The function of the hypocone in conacodontines is therefore likely non-analogous to those of other Cenozoic mammals, and it likely did not participate in Phase II grinding, at least not in the same way as geologically younger eutherian mammals (Kay and Hiiemae 1974; Rensberger 1986; Hunter and Fortelius 1994; Janis 1990). Indeed, there is little to no evidence of hypocone-involved Phase II occlusion among Puercan mammals from the Littleton fauna of the Denver Basin, including the lower dentition of Conacodon harbourae, the wear patterns on which were interpreted as resulting from primarily Phase 1 occlusal contact with the paracone, metacone, and protocone (Dewar 2003; see also Rensberger 1986). Supporting this interpretation is the observation that the hypocones of conacodontines are only moderately worn if at all, in contrast with the more substantial wear on the paracones, metacones, and protocones (e.g., Archibald et al. 1983a, b). Thus, we hypothesize that the lingual expansion of the hypocone on conacodontines was not an adaptation for increased transverse or proal grinding area but rather for increased orthal shearing and crushing on the lingual aspect of the molars. The grooves between the hypocone and protocone and between the protocone (+ metaconule) and paracone and metacone would fit well into the foreshortened lingual and buccal walls of the talonid basin, tightly occluding to shear and crush food rather than increasing surface area for medially directed grinding.
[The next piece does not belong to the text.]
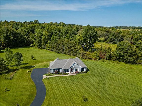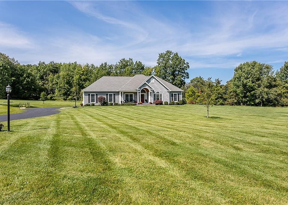 Turn key RANCH on CHOICE 5 acre lot, Custom inside and out, Total privacy, extensive outdoor living with porch, deck, patio, Cherry kitchen, stainless appliances, granite counters, hardwoods, 9 foot ceilings, open concept living, media room, square footage incluides 400 finished in lower level.
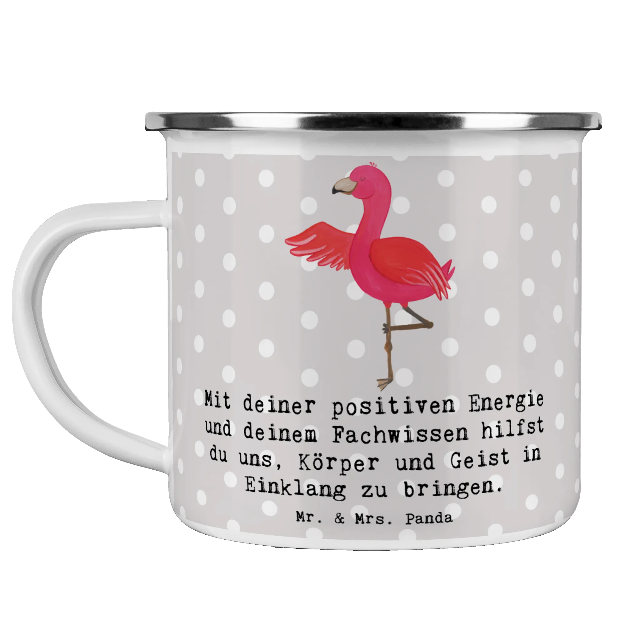 Die Camping Emaille Tasse "Yoga Trainerin" von Mr. & Mrs. Panda ist das perfekte Geschenk für jede Trainerin, die Körper und Geist in Einklang bringt. Schließlich gibt es nichts Schöneres, als die eigene Leidenschaft für Yoga und Fitness mit einem praktischen, stilvollen Accessoire zum Ausdruck zu bringen! Egal, ob zum Dankeschön, als Abschiedsgeschenk oder einfach nur, um Wertschätzung zu zeigen – diese Tasse wird jedes Herz höher schlagen lassen.

Such a function would also explain the relative lack of wear on the hypocones because the apices of those cusps essentially never made occlusal contact with the lower teeth (e.g., Butler 1972), but rather only contacted food particles along the lingual margin of the lower molar. In sum, the conacodontine morphocline may reflect an increasing prevalence of orthal shearing and crushing mastication, driven by increasingly transverse upper molars and associated intercusp grooves occluding tightly within the buccal and lingual margins of increasingly foreshortened talonids.

Conclusion

The skull of the new periptychid, Militocodon lydae, described here simultaneously illuminates and complicates the early evolutionary history of the Periptychidae (and archaic ungulates more broadly). On one hand, the well-preserved and associated dentition of DMNH EPV.136181 reveals consistent trends in conacodontine dental evolution, and suggests rapid exploration of new masticatory niches among archaic ungulates in the early Paleocene. On the other hand, the skull of the small-bodied and relatively phylogenetically basal Militocodon, which could have been greatly informative phylogenetically, is frustratingly devoid of diagnostic characters, suggesting that the apomorphies that inform ordinal relationships among Paleocene eutherian mammals may be even more elusive in the cranium than they are in the dentition. Nonetheless, the skull of Militocodon is only patchily preserved, and of the few Paleocene-mammal crania that are known, even fewer are described, greatly inhibiting our understanding of phylogenetically informative cranial features. Ultimately, the obscurity of periptychid interrelationships is likely the product of their rapid diversification after the K–Pg boundary; taxa near the base of rapid evolutionary radiations are often very difficult to distinguish from one another morphologically due to the rapidity of their divergence and the absence of accumulated phenotypic differences (e.g., Simpson 1944; Gingerich 2019; Goswami et al. 2022). The discovery and thorough description of more complete periptychid and other archaic ungulate fossils from the Puercan, like the holotype of Militocodon lydae described here, are necessary to better illuminate the complex evolutionary history of this important group of Paleocene mammals.